2022-08-22T19:49:12.374Z


The longtime editor-in-chief of the weekly newspaper Die Zeit, Theo Sommer, has died at the age of 92. In 2020 he spoke to SPIEGEL about his memories of the end of the war and how he dealt with the guilt.


Enlarge image

Theo Sommer in 2015

Photo: Daniel Reimann / dpa

The most important question that summer of 1945 was: What will become of us?

I had been a student of Adolf Hitler at the Ordensburg Sonthofen until the end of the war.

There we had been drilled to die for the Führer and the Reich.

At that time I was ready for partisan warfare.

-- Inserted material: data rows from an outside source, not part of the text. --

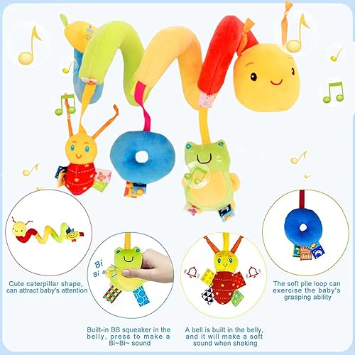 Civaner Newborn Car Seat Toys Stroller Toys for Baby 0-6 Months Infant Activity Spiral Plush Toys Hanging Car Seat Crib Toy for Boy Girls Spiral Hanging Plush Toy Baby Shower Thank You Gift(Delicate)
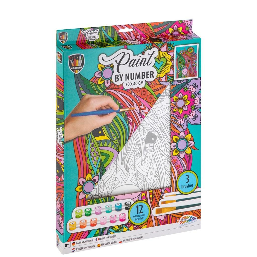 - W zestawie znajduje się płótno z nadrukiem jednorożca o wymiarach 30x40cm, na którym są numerki - 12x farbek, które mają przypisane numerki, dzięki, którym łatwiej będzie pomalować obraz - 3x pędzelki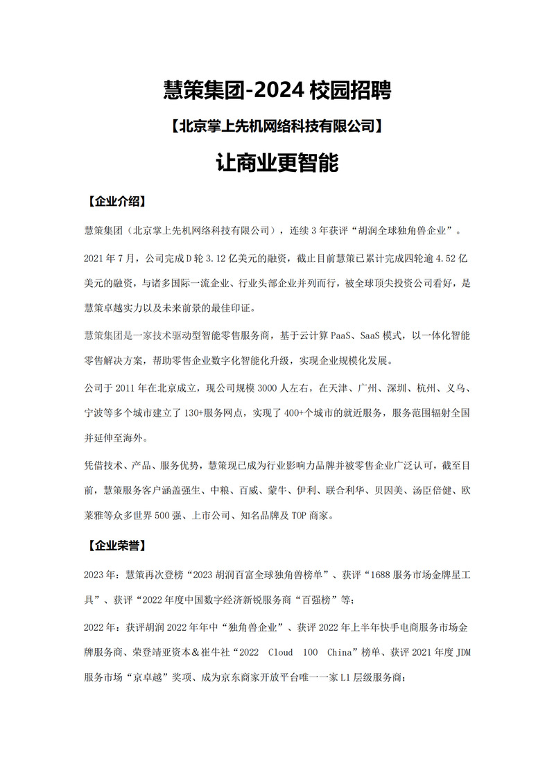 招聘信息 | 【全球独角兽企业】慧策集团-2024年校园招聘简章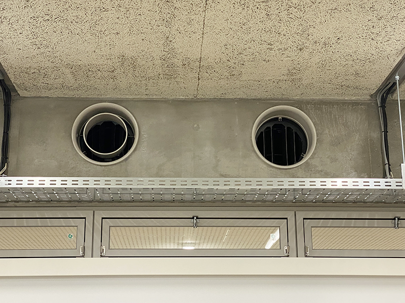 コロナ禍に計画された建築物ということもあり、換気設備も完備しています。竣工したばかりなのに塗料の臭いがそこまできつくないのも、この換気設備のおかげだと思います。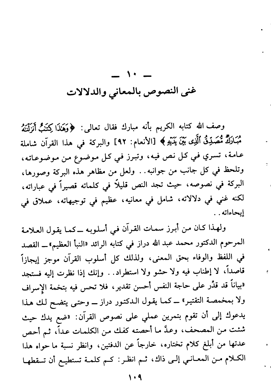 ولهذا كان من أبرز سمات القرآن فى أسلوبه- كما يقول العلامة المرحوم الدكتور محمد عبد الله دراز فى كتابه الرائد «النبأ العظيم» - القصد فى اللفظ والوفاء بحق المعنى، ولذلك كل أسلوب القرآن موجز إيجازا قاصدا، لا إطناب فيه ولا حشو ولا استطراد .. وإنك إذا نظرت إليه فستجد «بيانا قد قدّر على حاجة النفس أحسن تقدير، فلا تحس فيه بتخمة الإسراف ولا بمخمصة التقتير» - كما يقول الدكتور دراز- وحتى يتضح لك هذا يدعوك إلى أن تقوم بتمرين عملى على نصوص القرآن: «ضع يدك حيث شئت من المصحف، وعدّ ما أحصته كفك من الكلمات عدا، ثم أحص عدتها من أبلغ كلام تختاره، خارجا عن الدفتين، وانظر نسبة ما حواه هذا الكلام من المعانى إلى ذاك، ثم انظر: كم كلمة تستطيع أن تسقطها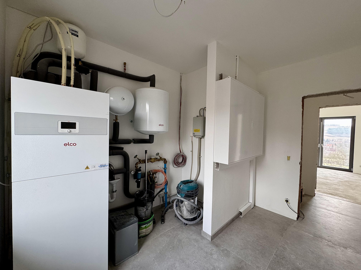 ELCO air source heat pump with digitally controlled underfloor heating.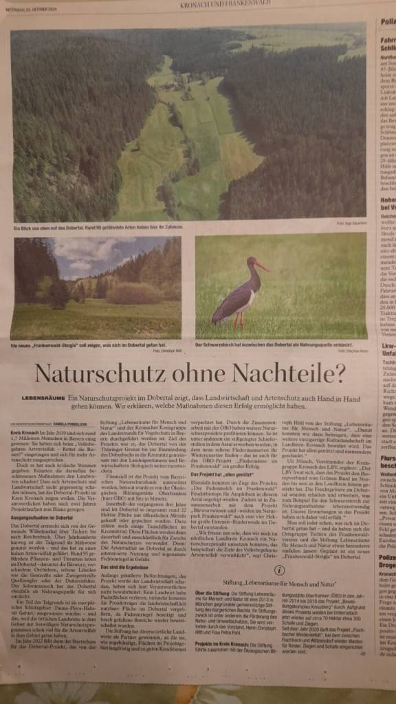 Presse- und Videobeiträge Video- und Radiobeiträge Radioreportage des BR vom 22.11.2023: „Weideprojekt: Aus Äckern werden 60 Hektar Naturschutzweiden“ Bericht des BR über das Projekt „Fischbacher Weidevielfalt“in der Sendung „Unser Land“ vom 26. Mai 2023 Imagefilm zum Naturschutzprojekt Dobertal Imagefilm der Glücksspirale über das Projekt „Fischbacher Weidevielfalt“ aus dem Jahr 2022 2024.10.22_Dobertal_Pressetermin_NP Pressebeitrag zum Dobertal vom 23.10.2024 Pressearchiv 2023 Pressearchiv 2022 Pressearchiv 2021 Pressearchiv 2020 Pressearchiv 2019 Pressearchiv 2018 Pressearchiv 2017

If I had been 17, I probably would have also enlisted in the Greater Germany SS Division, we felt we owed that to ourselves and to our beloved leader.

But we had survived and we hadn't been put against the wall either.

We went on Christmas vacation in 1944 with the assumption that the Ardennes offensive would result in a great victory.

When it failed and was called off in January, we gradually realized that the war was probably unwinnable.

In January and February we worked in the Graf Hagenburg company in the mornings, where we riveted control parts for the Führer's miracle weapon, the V2 rocket.

In March, we 14 and 15-year-olds were drafted into the Volkssturm.

The Sonthofen mountain infantry trained us on the carbine 98, the machine gun and the bazooka.

They really took us down.

With the twelve-kilo machine gun on our backs, we had to crawl through the terrain on skis with the muzzle covers open – alas, snow got in, then there was a scare.

At the end of April we should still be defending Ulm.

However, we arrived too late.

We then separated the Volkssturm stripe from the left sleeve and settled down in an alpine hut as a kind of children's deportation camp.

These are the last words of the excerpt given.